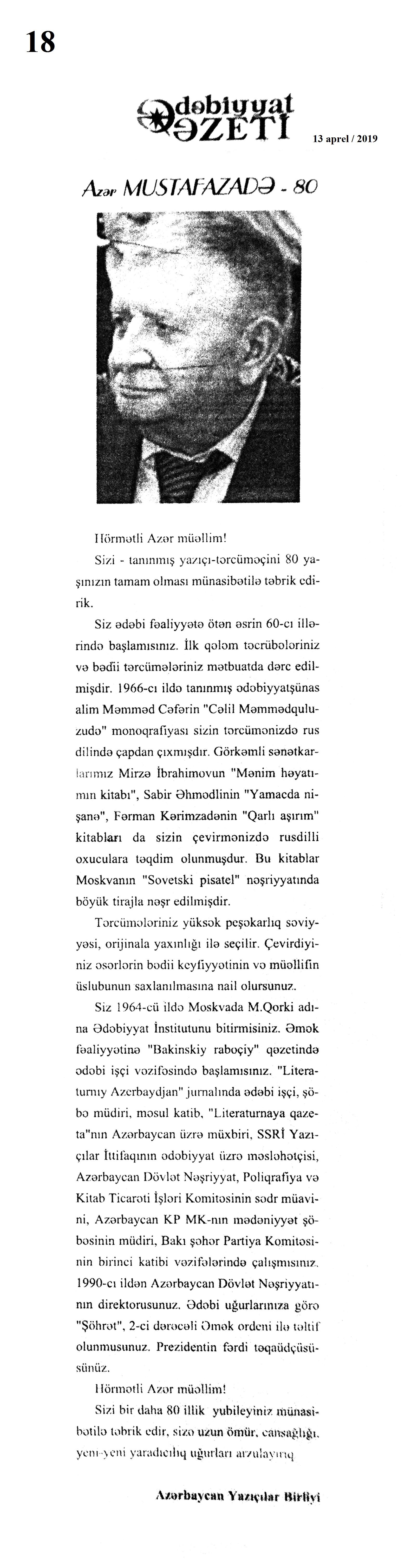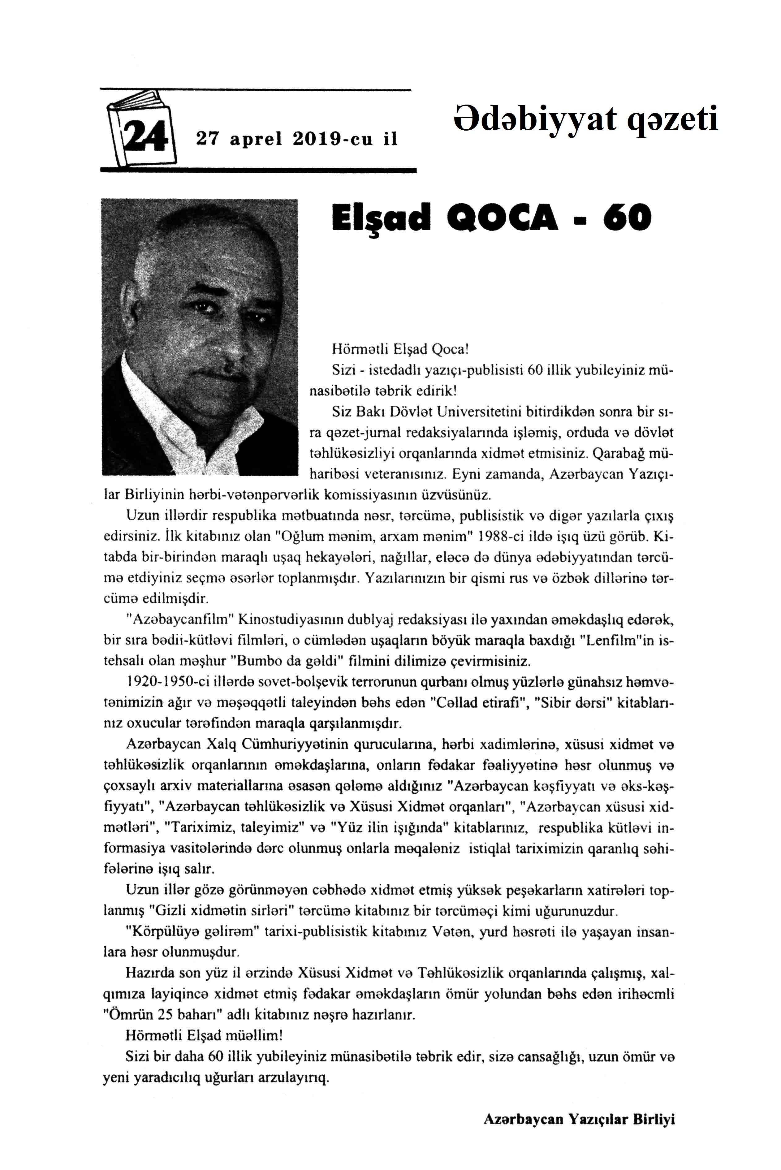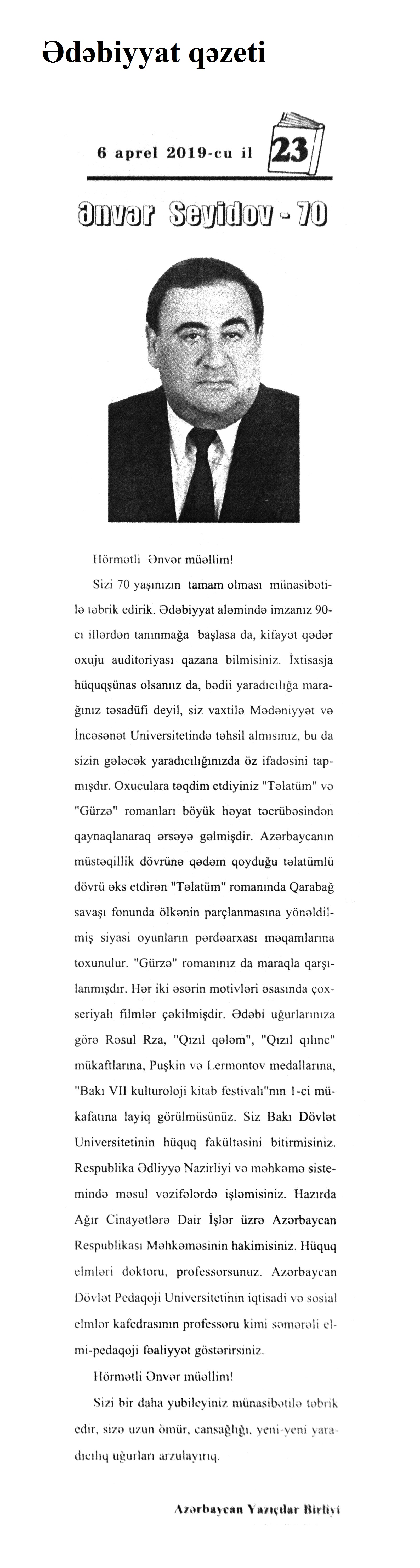 Çingiz Abdullayev – 60 1051. Abdullayev, Ç. Azərbaycan Respublikasının Prezidenti Cənab İlham Əliyevə: [Xalq yazıçısının “Şərəf” ordeni ilə təltif olunması münasibətilə təşəkkür məktubu] //Ədəbiyyat qəzeti.-2019.- 13 aprel.- S.2. 1052. Azəri, L. Milli Kitabxanada yubilyar yazıçı ilə görüş //Mədəniyyət.- 2019.- 12 aprel.- S.1-2. 1053. Çingiz Abdullayev: İstəyirəm ki, Bakı daha da gözəlləşsin və dünyada birinci şəhər olsun: [Trend-ə açıqlamasında Xalq yazıçısının fikri] //Kaspi.-2019.- 16 aprel.- S.10. 1054. Çingiz Abdullayev – 60: [Xalq yazıçısının yubileyi münasibətilə AYB-nin təbriki] //Ədəbiyyat qəzeti.- 2019.- 6 aprel.- S. 18.
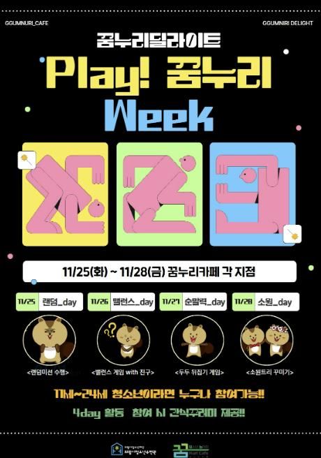 [비건뉴스=최지영 수습기자] 의왕시청소년재단 산하 의왕시청소년수련관 꿈누리카페(▲고천점( 문화공원로 33), ▲내손점(복지로 109), ▲오전점(찬우물길 11), ▲백운밸리점(백운중앙로 74, 총 4개 지점))는 오는 11월 25일부터 28일까지 4일간 꿈누리딜라이트 『Play! 꿈누리 Week』를 진행한다고 밝혔다.
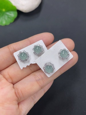 F33926672 Jadeite Cabochon Earrings Non-Gold Setting Total Weight Approx. 2.79g
◇ ◇ ◇ ◇ ◇
-- Work instruction --
Could you transcribe all of the data exactly, keeping every picture out of the copy?

-- Task response --
 Çingiz Abdullayev – 60 1051. Abdullayev, Ç. Azərbaycan Respublikasının Prezidenti Cənab İlham Əliyevə: [Xalq yazıçısının “Şərəf” ordeni ilə təltif olunması münasibətilə təşəkkür məktubu] //Ədəbiyyat qəzeti.-2019.- 13 aprel.- S.2. 1052. Azəri, L. Milli Kitabxanada yubilyar yazıçı ilə görüş //Mədəniyyət.- 2019.- 12 aprel.- S.1-2. 1053. Çingiz Abdullayev: İstəyirəm ki, Bakı daha da gözəlləşsin və dünyada birinci şəhər olsun: [Trend-ə açıqlamasında Xalq yazıçısının fikri] //Kaspi.-2019.- 16 aprel.- S.10. 1054. Çingiz Abdullayev – 60: [Xalq yazıçısının yubileyi münasibətilə AYB-nin təbriki] //Ədəbiyyat qəzeti.- 2019.- 6 aprel.- S. 18.
 [비건뉴스=최지영 수습기자] 의왕시청소년재단 산하 의왕시청소년수련관 꿈누리카페(▲고천점( 문화공원로 33), ▲내손점(복지로 109), ▲오전점(찬우물길 11), ▲백운밸리점(백운중앙로 74, 총 4개 지점))는 오는 11월 25일부터 28일까지 4일간 꿈누리딜라이트 『Play! 꿈누리 Week』를 진행한다고 밝혔다.
 F33926672 Jadeite Cabochon Earrings Non-Gold Setting Total Weight Approx. 2.79g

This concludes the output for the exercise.